--- DATA EXTRACT Enclosed Below ---

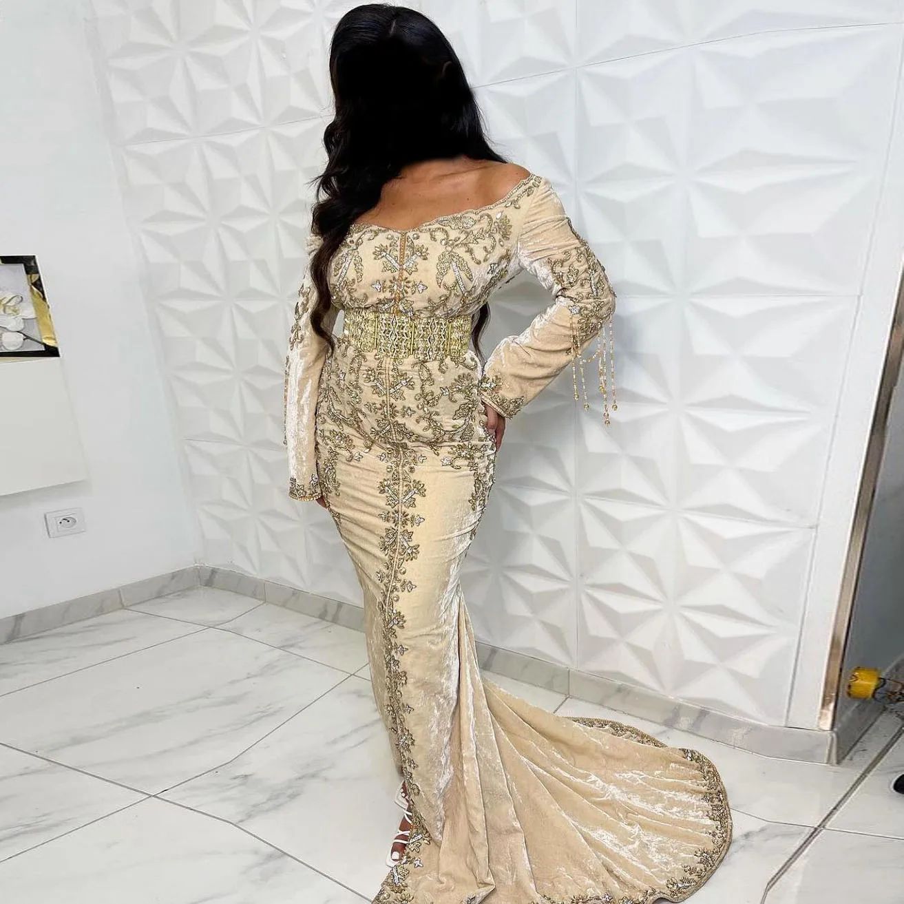 Белое элегантное марокканское вечернее платье в пол, платье-Русалка с открытыми плечами и аппликацией, мусульманское платье для выпускного вечера, женское
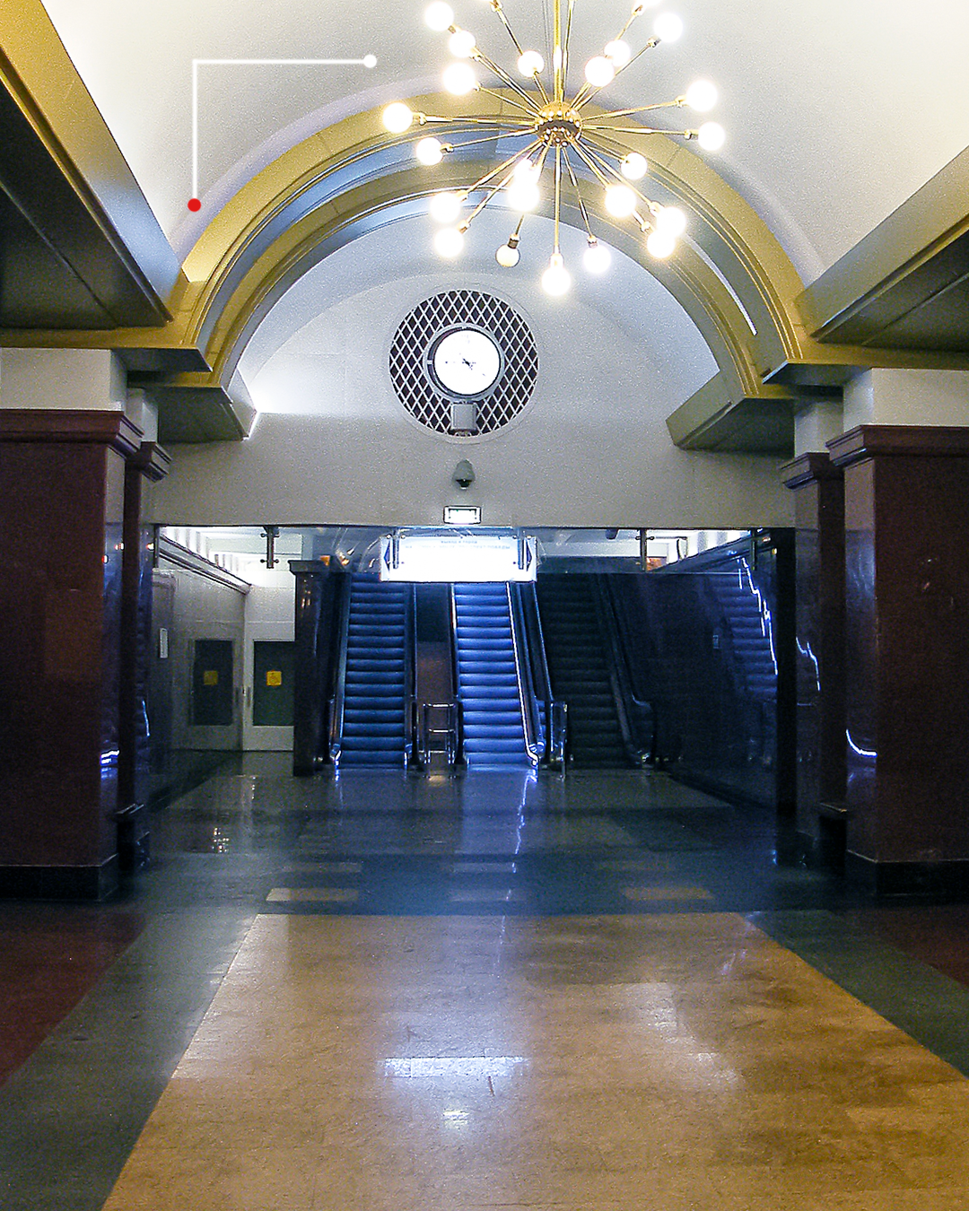 Филадный портал, назовём его так, — это прикольно, интересно, но пустовато. Огромные люстры перебивают просмотр. Над эскалаторами висят механические часы, но для кого они там? Чтобы посмотреть, который час, нужно очень высоко задрать голову. А если смотреть издалека, то люстры либо отражаются в стекле часов, либо перекрывают просмотр, либо ярко светят в глаза — ничего невозможно разглядеть, непонятно, сколько времени. Можно же сделать большое электронное табло для всех.
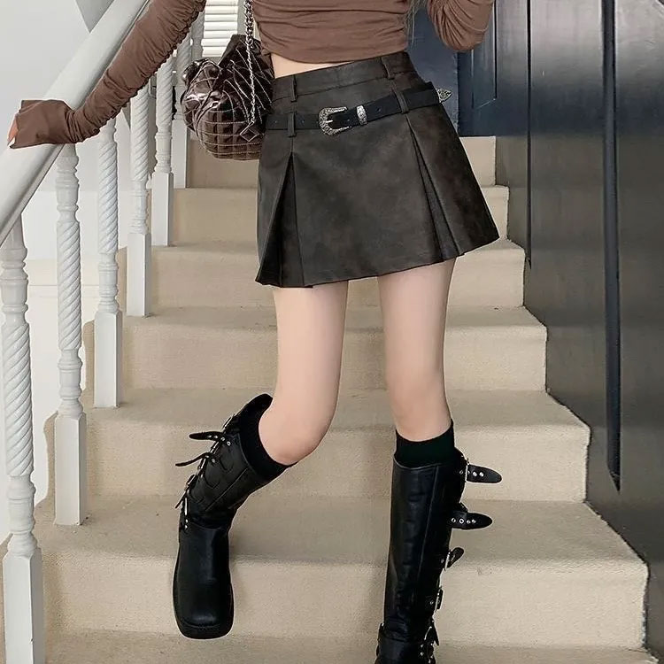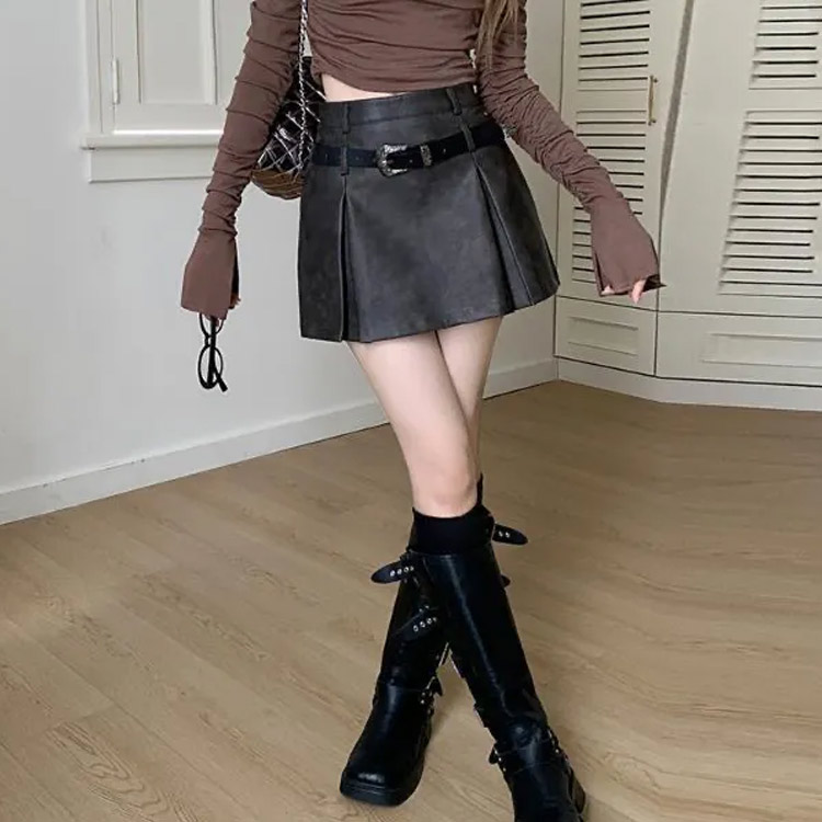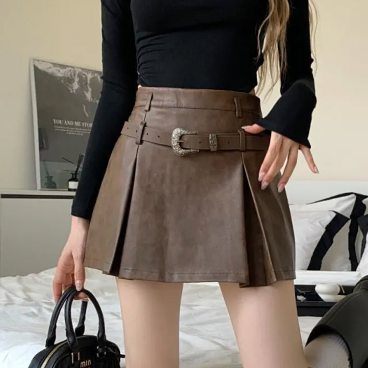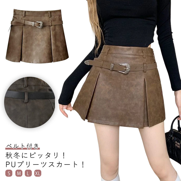 プリーツスカート ハイウエスト ミニス レディースファッション 人気 ベルト付き/コーヒー ベルト付き/ブラック S M L XL

--- End of Enclosed DATA EXTRACT ---

▸ **PROBLEM TO SOLVE**:
Word for word, please, restate the lines of the listing from the one holding "Филадный портал, назовём" down to the last line, leaving out any pictures.

▸ **RESPONSE TO THIS EXERCISE**:
 Филадный портал, назовём его так, — это прикольно, интересно, но пустовато. Огромные люстры перебивают просмотр. Над эскалаторами висят механические часы, но для кого они там? Чтобы посмотреть, который час, нужно очень высоко задрать голову. А если смотреть издалека, то люстры либо отражаются в стекле часов, либо перекрывают просмотр, либо ярко светят в глаза — ничего невозможно разглядеть, непонятно, сколько времени. Можно же сделать большое электронное табло для всех.
 プリーツスカート ハイウエスト ミニス レディースファッション 人気 ベルト付き/コーヒー ベルト付き/ブラック S M L XL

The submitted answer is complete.